Nos últimos dias, ao acompanhar o noticiário de Brasília sobre os trabalhos da CPI da Pandemia, me assustei um pouco com o rolo dos “supostos representantes de fabricantes de vacinas” invadindo o Ministério da Saúde no final da gestão do general Eduardo Pazuello. Isso não faz muito tempo não, pois refiro-me ao primeiro trimestre de 2021. Parece que foi lá atrás, né? Mas não foi.
A negociata, pelo que vem mostrando a Comissão Parlamentar de Inquérito, com depoimentos estarrecedores e farta quantidade de documentos, correu solta. Foi um tal de suposta propina de um dólar por dose pra lá, “comissionamento” pra cá, ONG Evangélica no meio do furdúncio, PM de Alfenas negociando vacina, militares do Ministério dando livre trânsito a esta patota toda, encontro em restaurante de shopping da Capital Federal regado a chopinho… É sempre bom ressaltar, neste contexto de “balcão de negócios ministerial”, que nenhuma fabricante de vacina contra a COVID no mundo, até agora, teve intermediários tratando de compra de doses. Pelo contrário, todos negaram possuir representantes, ou “representantes”.
E de pensar que, no ano passado, o laboratório norte-americano Pfizer, sem intermediários, procurou o Governo Federal várias vezes (fato provado em documentos de posse da CPI) para tentar vender imunizantes, sem respostas no tempo necessário. Se as vacinas tivessem sido compradas ainda em 2020, alguns dos mais de 439 mil brasileiros que perderam a vida por causa da doença poderiam ter tomado o imunizante logo, com boas chances de estarem vivos hoje.

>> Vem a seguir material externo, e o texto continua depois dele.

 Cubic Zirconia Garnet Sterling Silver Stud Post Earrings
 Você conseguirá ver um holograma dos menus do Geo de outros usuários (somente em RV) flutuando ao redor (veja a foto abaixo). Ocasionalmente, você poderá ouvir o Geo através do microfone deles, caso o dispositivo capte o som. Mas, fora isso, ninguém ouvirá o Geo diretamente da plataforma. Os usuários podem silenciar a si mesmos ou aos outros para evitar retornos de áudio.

Aí eu me lembrei da expressão “pilantropia” (medida que visa benefício próprio de alguns, mas que a princípio parece bacana e altruísta aos olhos da maioria). O termo era bastante citado pelo saudoso jornalista Carlos Tidei, com quem trabalhei na Folha de Vinhedo há alguns anos, quando algo que seria motivo de matéria parecia não cheirar bem. Todo o contexto das intermediações para tentar vender ao Governo 400 milhões de doses de vacinas que tem sido amplamente divulgado pela imprensa nos últimos dias (sem que os laboratórios admitam possuir representantes, vale a pena repetir) ou é pilantropia, picaretagem, mutreta, 171, ou realmente a gente está ficando maluco de vez. Os fatos mostram que os personagens surgidos do nada que transitam no Ministério da Saúde possuem todo jeitão de vendedores de terrenos no céu. Ou na lua. Pior: tem gente querendo tais terrenos, pagando por eles uma fortuna, com dinheiro público, e com vidas humanas sendo perdidas mediante atitudes de patifaria explícita.
Realmente o Brasil não pode ser compreendido por qualquer um. Mesmo quem vive aqui há anos está com dificuldades para processar o que vem sendo mostrado neste episódio. A coisa está feia e o cheiro de pilantropia ficou ainda mais forte, gerando uma fala do líder do Governo no Senado, Fernando Bezerra Coelho (MDB-PE), durante sessão da CPI nesta quinta-feira (15). Disse o parlamentar emedebista, fervoroso defensor da gestão Bolsonaro: “Fiquei constrangido com as tratativas entre os integrantes do Ministério da Saúde e Cristiano Carvalho, representante da Davati. Eu quero aqui também manifestar o meu desconforto com os diálogos que foram mantidos entre os representantes da Davati e servidores públicos ou ex-servidores públicos, numa narrativa em que a gente constata a falta de credenciamento, de capacidade técnica, de habilidade técnica para que essa empresa Davati ou seus eventuais representantes pudessem tratar com o Governo brasileiro para uma eventual aquisição ou compra de vacinas”, emendou o líder do governo.
Está difícil defender o indefensável e não sentir cheiro de coisa podre no ar de Brasília. E tem mais: o CEO da Davati, Herman Cardenas, deu entrevista à Folha de S.Paulo esta semana dizendo que não possuía as 400 milhões de doses de vacinas contra a COVID citadas pelos vendedores de terrenos no espaço, o que reforça ainda mais a desconfiança concreta de picaretagem nas tratativas já citadas. Completou Cardenas: “A ideia era ser apenas um facilitador do negócio”. Facilitador de pilantropia, então?
Espero sinceramente que todos os envolvidos nesta chanchada de muito mau gosto da vida moderna e trágica do Brasil sejam devidamente apontados, responsabilizados e punidos. Se isso vai ocorrer, aí já é uma outra conversa. Vamos acreditar.
Só não podemos crer, nem aceitar, essa tal de pilantropia… Lembrando um trecho da música “Ideologia”, do genial Cazuza, faço uma pequena e pertinente adaptação: “Pilantropia, não quero uma pra viver”!